“Lost: The Sequel”

Nearly three weeks after Hurricane Ike pummeled the upper Texas coast, upwards of 400 of its residents cannot be located, according to today’s Houston Chronicle. Hopefully, many of the missing still may be without the power to contact worried family. Or some evacuees chose not to return. Or those who could afford to jet to Aspen or Paris to ride out the storm took a relaxing side trip before returning.

Or, as many family, friends and officials fear, maybe they were swept away into the Gulf of Mexico, Galveston Bay or buried in the new sand drifts carved by Ike. 

The Chronicle reported that the body of Gail Ettenger, 58, a Bolivar resident who attempted to ride out the storm, washed up 12 days later in a debris pile in Chambers County — 10 miles inland from her home.

As Ike hit land, the Coast Guard rescued about 100 Bolivar residents who remained behind, thinking the storm would take a southerly course. But as the hurricane intensified at least 150 people were still stranded on the peninsula, the Coast Guard reported.

They most likely weren’t the only beach dwellers taken by surprise by Ike’s furious path. Newscasts predicted ike to be a “minor” Category 2, a “weakling” many had ridden out without hassle before. But Ike pumped up into a Cat 3 packing Cat 4 storm surges when it punched in. Those who gambled may have lost everything.

Abandoned and overturned cars along marshes, debris fields and flood waters may harbor more ominous clues. Were the vehicles merely pushed by the surge from the safety of their garages, or were they transporting late evacuees who met the floods head on?

Many of the doomed areas rely on limited volunteer fire departments to spearhead rescues and they are literally swamped (no pun) with search and rescue — or recovery — efforts.  The professional local first responders also find resources exhausted.  Even so, the Chronicle reports that the Galveston County Sheriff’s office denied assistance from the respected non-profit Texas EquuSearch SAR teams from coming in to help locate some of the 200 lost souls in that county alone, even though many of the missings’ relatives requested such assistance. EquuSearch, by the way, has spearheaded search-and-rescue operations for missing persons internationally.

Who knows how many of the transient populations that live in Galveston and coastal compounds cannot be accounted for since no one possibly cares about them?

Yes, who really cares about them all — the transients and the other 400 missing souls? How come the national news hasn’t jumped on this story like a pit bull with lipstick?

Is it that the missing or dead are invisible — wiped out to sea or buried in tsunami-like debris piles or buried in unmarked graves underneath sand dunes? If we had those visibly shocking bloated bodies floating in what were once yards and streets of post-Katrina New Orleans, maybe Anderson Cooper would focus a camera on one as he motored by embedded with SAR teams? 

Perhaps Ike chose to leave no bodies, at least none we can find at present. Maybe no floating corpses exist. Maybe they will never be found. 

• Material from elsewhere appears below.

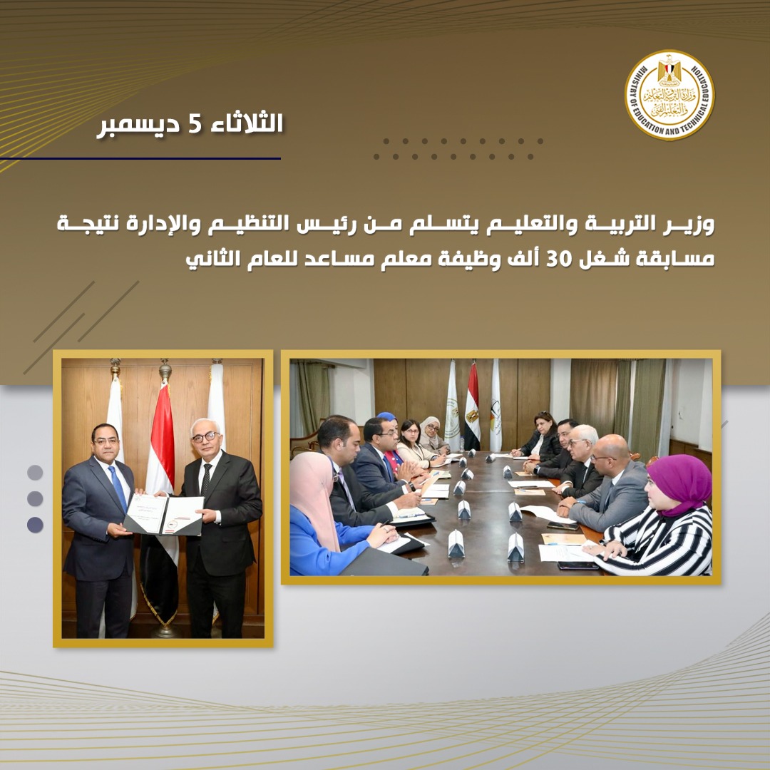 تسلم الدكتور رضا حجازي، وزير التربية والتعليم والتعليم والفني، من الدكتور صالح الشيخ، رئيس الجهاز المركزي للتنظيم والإدارة، نتيجة مسابقة شغل ٣٠ ألف وظيفة معلم مساعد للعام الثاني.

Nevertheless, their story needs to be told. They must not be forgotten because I see no reports on national news about the Lost 400.  I hear no debated words condemning the continuing ignominious and ignoramusful response of the Department of Homeland Security and FEMA to another natural disaster. That the Department of Homeland Security fails to make the disappearance of 400 US residents a top priority should send shivers of terror down our collective spines.

Unfortunately, these Lost 400 are invisible. No one talks about them on the network or cable news. Friends outside the area do not ask about the future of the Lost 400. That’s why I think we need to make a TV series about those still missing from Hurricane Ike. Let’s make it a sequel of the popular, Emmy-winning TV drama Lost.  We can call it Lost: The 400 about a bunch of people from all walks of life who, instead of crash landing in an airplane on a deserted island, are swept away from a populated island into parts unknown.

Maybe if we knew their names, faces, relationships, families, hopes and dreams as we do the fictional TV characters, the fan site blogs would pop up to help locate them, their plight would be discussed around water coolers at work, and the 24/7 TV news cycle would yak them up — of course, only as long as the ratings remain respectable.